## The data
§ §

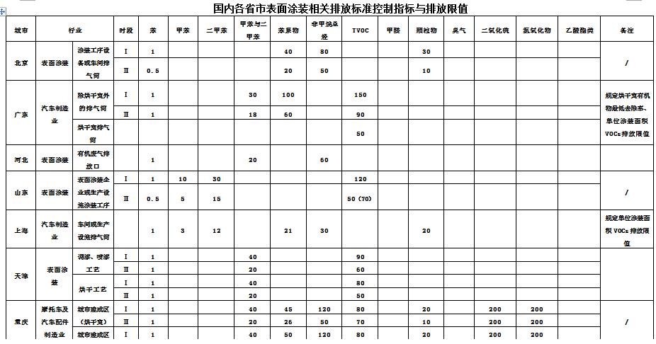 各省市(shì)汽(qì)車表麵塗裝VOCs排放標準匯總及(jí)對比
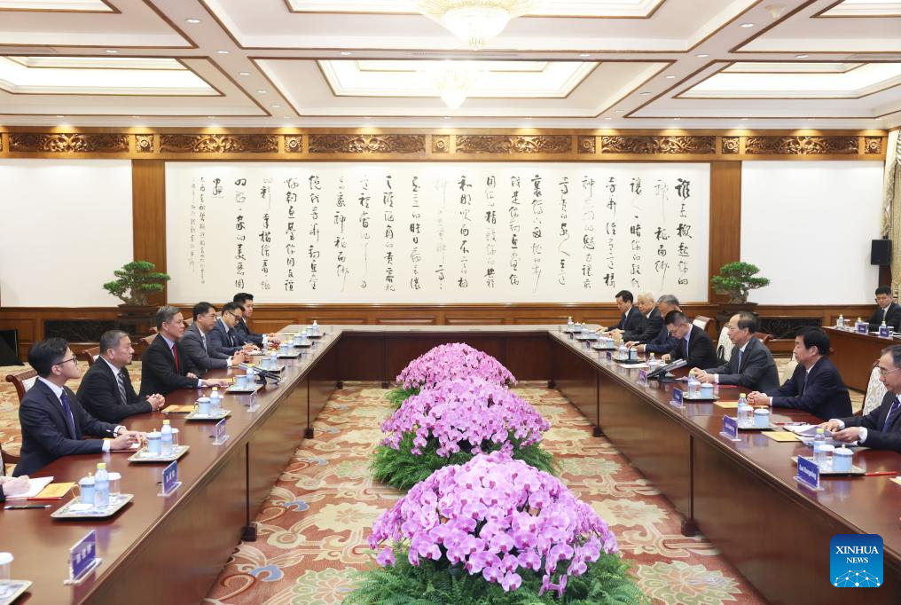 Shi Taifeng, a member of the Political Bureau of the Communist Party of China (CPC) Central Committee and head of the CPC Central Committee's Organization Department, meets with Chan Chun Sing, Singapore's Coordinating Minister for Public Services and Minister for Defence, in Beijing, capital of China, Sept. 17, 2025. (Xinhua/Liu Weibing)
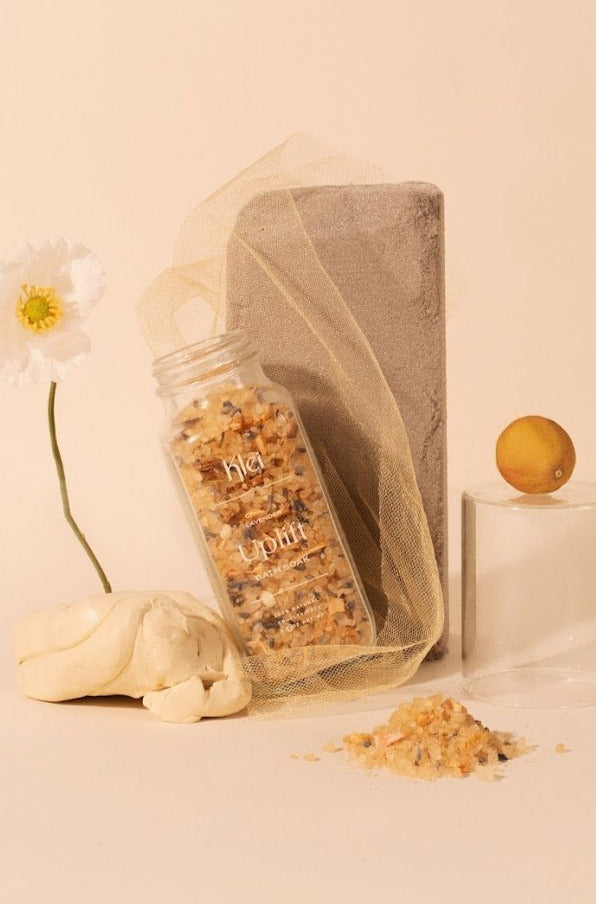 UPLIFT & RELAX. Brighten your day with this mood-lifting botanical bath soak. KLEI Beauty's UPLIFT Citrus & Lavender Bath Soak is a mineral-rich base of Dead Sea Salt is blended with Coconut Milk to soften, and French Yellow Clay to exfoliate and renew skin. The citrus and lavender scent helps to focus your mind and uplift your spirits.
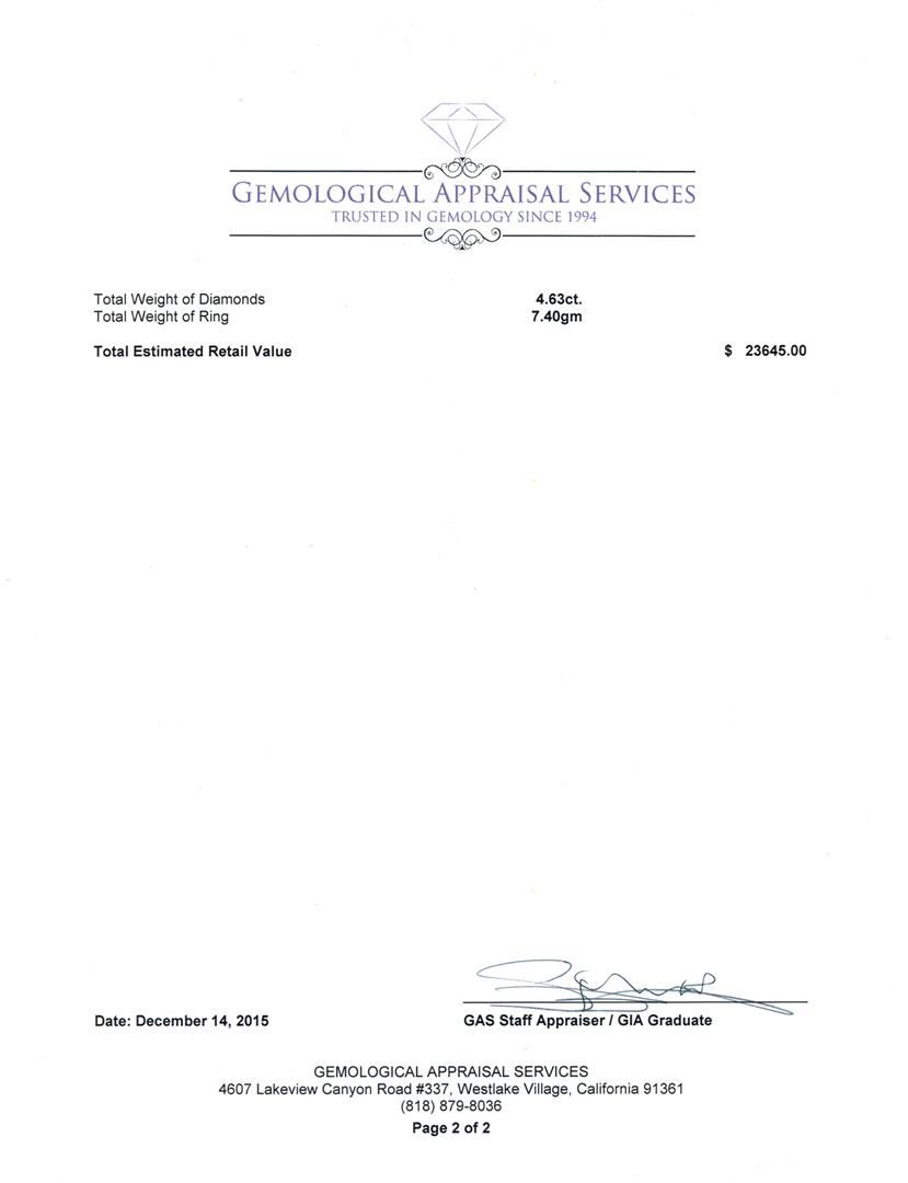 Not all Jewelry, watches or loose stones are appraised and the appraisals are provided for bidders only in certain instances at the discretion of SAA. Our appraisals are conducted by independent third-party appraisal firms. Such firms may be certified GIA Gemologists or have education in the industry or alternative certifications. Appraisals should be used for verification of gemstone and/or metal weight, size, and grade only, not actual value for resale or insurance purposes. Appraisal value should be not considered for actual value, as price varies greatly from retail locations and other merchants in different geographic locations. All Items auctioned by SAA should not be purchased with a view or expectation toward resale for appraisal price given, or to make a profit. The ultimate value for which an item can be resold may vary drastically from the appraisals listed by SAA.

§ §

## Problem details
Copy out exactly, with no pictures, the lines of the data from the first one through the line bearing "Shi Taifeng, a".

## Output of the exercise
 各省市(shì)汽(qì)車表麵塗裝VOCs排放標準匯總及(jí)對比
 Shi Taifeng, a member of the Political Bureau of the Communist Party of China (CPC) Central Committee and head of the CPC Central Committee's Organization Department, meets with Chan Chun Sing, Singapore's Coordinating Minister for Public Services and Minister for Defence, in Beijing, capital of China, Sept. 17, 2025. (Xinhua/Liu Weibing)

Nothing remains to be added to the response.